Where This Leaves Us
This chapter showed that the book’s main discipline is not limited to language modeling. Orders, resources, database instances, feasibility relations, signal matrices, open circuits, and local behavior checks can all be read in the same way: name the values, constrain construction, define composition, and test the law that makes the composition trustworthy.

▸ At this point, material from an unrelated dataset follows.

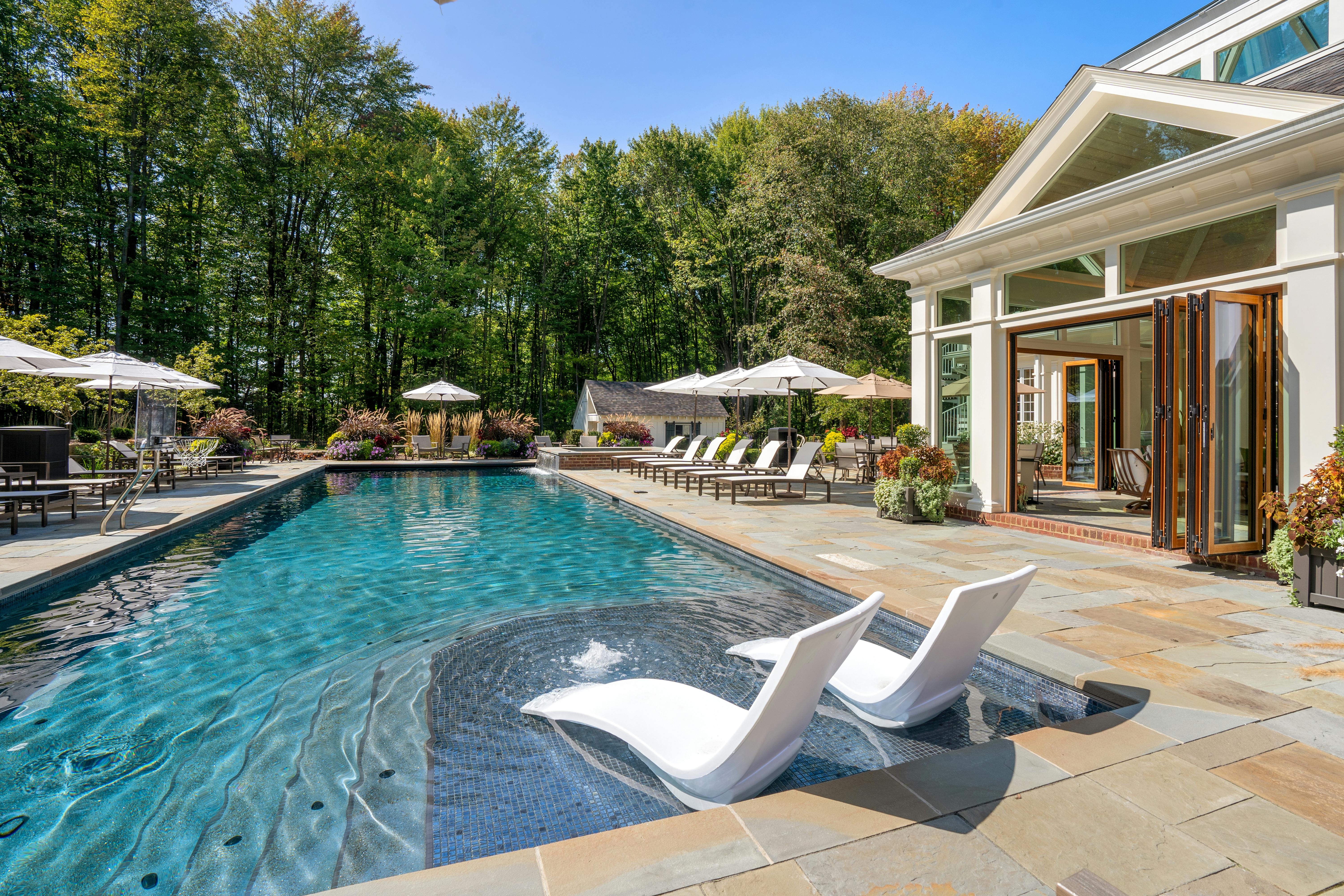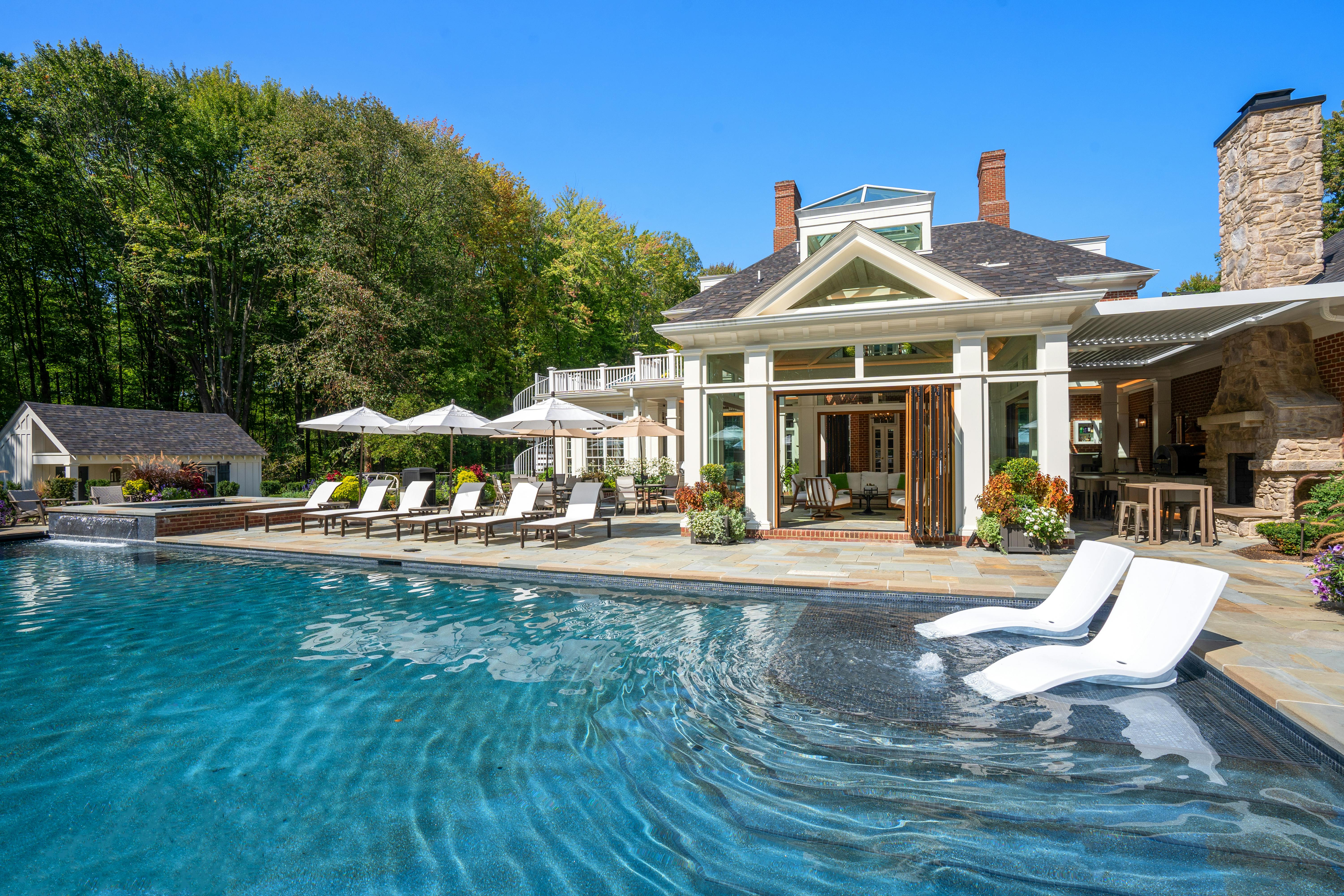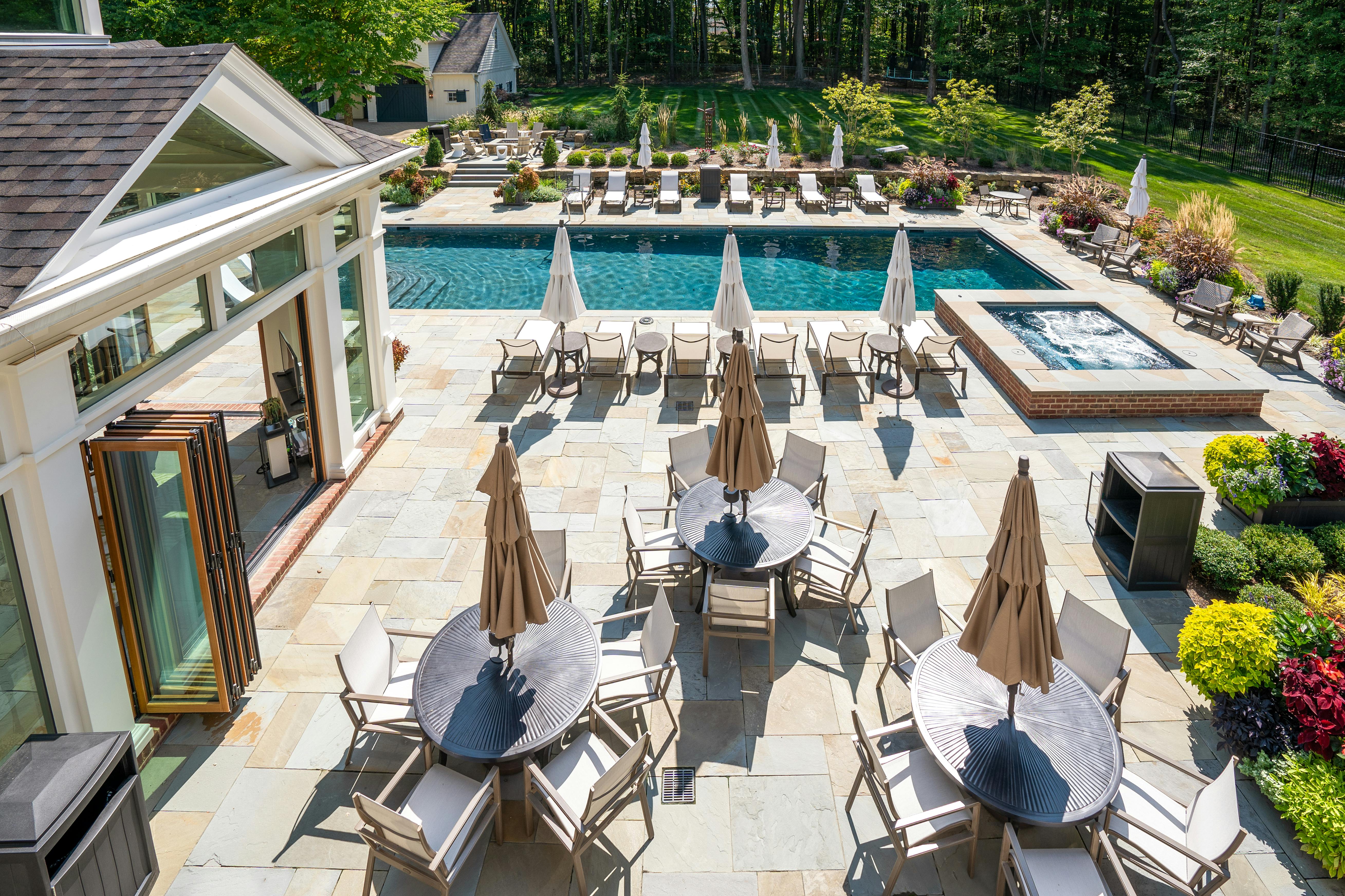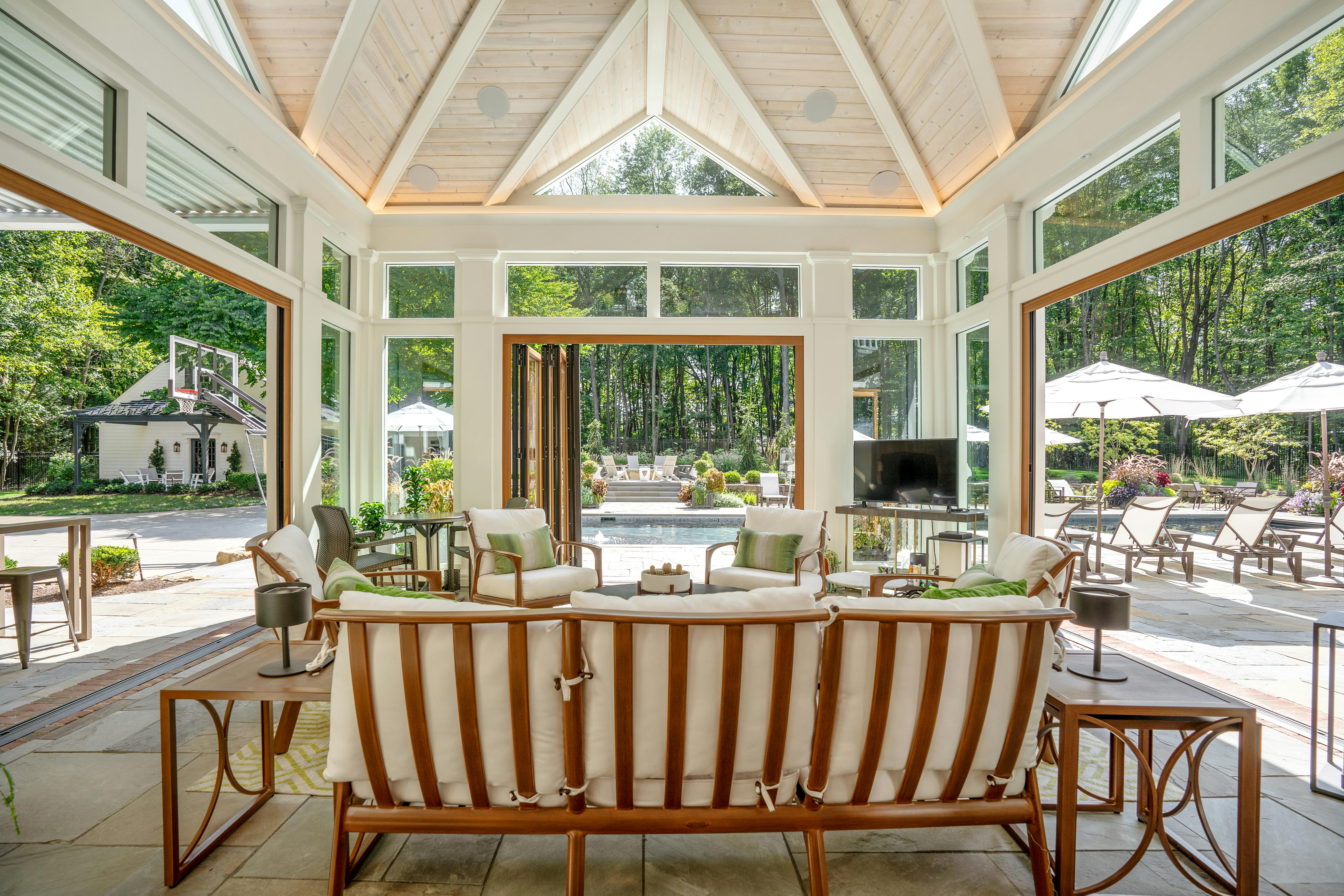 This Ohio pool house by The 4M Company opens fully with three folding glass doors, creating a four-season retreat with beautiful backyard views.

The remaining practice material asks you to use that reading method yourself. The exercises are not meant to test memorized definitions. They are meant to train the habit of translating one Rust block into its software role and its categorical shape.
Further Reading
These pages are useful once you have the executable sketch map:
- References: paper links and supporting Rust/materials
- Glossary: terms used by the course
- Repository Source Snapshots: complete source files
Retrieval Practice
Recall
Name three applied structures modeled in this chapter.
Explain
Why does each sketch include constructors or law checks instead of only type definitions?
Apply
Pick one engineering concept from your own work, such as permissions, queues, or resource budgets. Describe the objects, relationships, and one law you would want tests to check.